Se produjo un sobresalto, una suspensión del aliento de todos los presentes y, después, un murmullo de asombro y de horror; una chica joven chilló; estaba de pie encima de una silla para ver mejor, y, al vacilar, derramó dos tubos de ensayo llenos de espermatozoos. Abotagado, hinchado, entre aquellos cuerpos juveniles y firmes y aquellos rostros correctos, un monstruo de mediana edad, extraño y terrorífico, Linda, entró en la sala, sonriendo picaronamente con su sonrisa rota y descolorida, y moviendo sus enormes caderas en lo que pretendía ser una ondulación voluptuosa. Bernard caminaba a su lado.

—Aquí está —dijo Bernard, señalando al director.

—¿Cree que no lo habría reconocido? —preguntó Linda, irritada; después, volviéndose hacia el director, agregó—: Claro que te reconocí, Tomakin; te hubiese reconocido en cualquier sitio, entre un millar de personas. Pero tal vez tú me habrás olvidado. ¿No te acuerdas? ¿No, Tomakin? Soy tu Linda. —Linda lo miraba con la cabeza ladeada, sonriendo todavía, pero con una sonrisa que progresivamente, ante la expresión de disgusto petrificado del director, fue perdiendo confianza hasta desaparecer del todo—. ¿No te acuerdas de mí, Tomakin? —repitió Linda, con voz temblorosa. Sus ojos aparecían ansiosos, agónicos. El rostro abotagado se deformó en una mueca de intenso dolor—. ¡Tomakin!

Linda le tendió los brazos. Algunos empezaron a reír por lo bajo.

—¿Qué significa —empezó el director— esta monstruosa…?

—¡Tomakin!

Linda corrió hacia delante, arrastrando tras de sí su manta, arrojó los brazos al cuello del director y ocultó el rostro en su pecho.

Se levantó una incontenible oleada de carcajadas.

—¿…esta monstruosa broma de mal gusto? —gritó el director.

Con el rostro encendido, intentó desasirse del abrazo de la mujer, que se aferraba a él desesperadamente.

—¡Pero si soy Linda, soy Linda! —las risas ahogaron su voz—. ¡Me hiciste un crío! —chilló Linda, por encima del rugir de las carcajadas.

Hubo un siseo súbito, de asombro; los ojos vagaban incómodamente, sin saber adónde mirar. El director palideció súbitamente, dejó de luchar, y, todavía con las manos en las muñecas de Linda, se quedó mirándola a la cara, horrorizado.

—Sí, un crío… y yo fui su madre.

Linda lanzó aquella obscenidad como un reto en el silencio ultrajado; después, separándose bruscamente de él, abochornada, se cubrió la cara con las manos, sollozando.

—No fue mía la culpa, Tomakin. Porque yo siempre hice mis ejercicios, ¿no es verdad? ¿No es verdad? Siempre… No comprendo cómo… ¡Si tú supieras cuán horrible fue, Tomakin…! A pesar de todo, el niño fue un consuelo para mí. —Y, volviéndose hacia la puerta, llamó—: ¡John!

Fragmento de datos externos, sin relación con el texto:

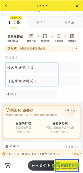6、接着选择回收门店和预约时间,点击【提交订单】就可以了。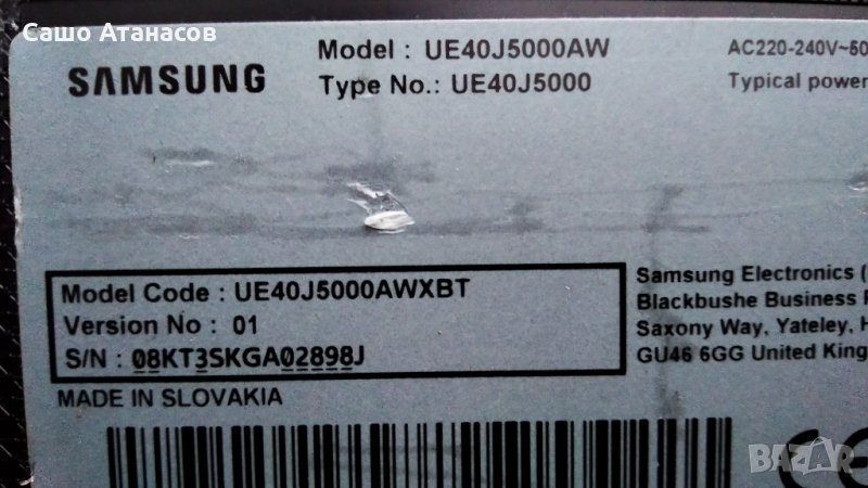 SAMSUNG UE40J5000AW със счупена матрица ,BN41-02098B ,BN44-00852A ,V400HJ6-PE1 ,GY-JJ040BGNV2H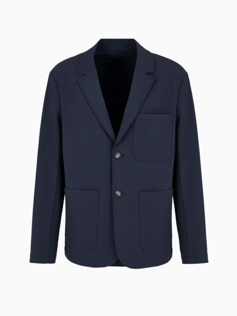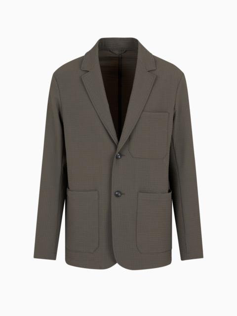 Single-breasted jacket in technical seersucker fabric

John entró inmediatamente, hizo una breve pausa en el umbral, miró a su alrededor, y después, corriendo silenciosamente sobre sus mocasines de piel de ciervo, cayó de rodillas a los pies del director y dijo en voz muy clara:

—¡Padre!

Esta palabra (porque la voz «padre», que no implicaba relación directa con el desvío moral que extrañaba el hecho de alumbrar un hijo, no era tan obscena como grosera; era una incorrección más escatológica que pornográfica), la cómica suciedad de esta palabra alivió la tensión, que había llegado a hacerse insoportable. Las carcajadas estallaron, estruendosas, casi histéricas, encadenadas, como si no debieran cesar nunca. ¡Padre! ¡Y era el director! ¡Padre! ¡Oh, Ford! Era algo estupendo. Las risas se sucedían, los rostros parecían a punto de desintegrarse, y hasta los ojos se cubrían de lágrimas. Otros seis tubos de ensayo llenos de espermatozoos fueron derribados. ¡Padre!

Pálido, con los ojos fuera de sus órbitas, el director miraba a su alrededor en una agonía de humillación enloquecedora.

¡Padre! Las carcajadas, que habían dado muestras de desfallecer, estallaron más fuertes que nunca. El director se tapó los oídos con ambas manos y abandonó corriendo la sala.

Capítulo XI

Después de la escena que había tenido lugar en la Sala de Fecundación, todos los londinenses de castas superiores se morían por aquella deliciosa criatura que había caído de rodillas ante el director de Incubación y Condicionamiento —o, mejor dicho, ante el ex director, porque el pobre hombre había dimitido inmediatamente y no había vuelto a poner los pies en el Centro— y le había llamado (¡el chiste era casi demasiado bueno para ser cierto!) «padre».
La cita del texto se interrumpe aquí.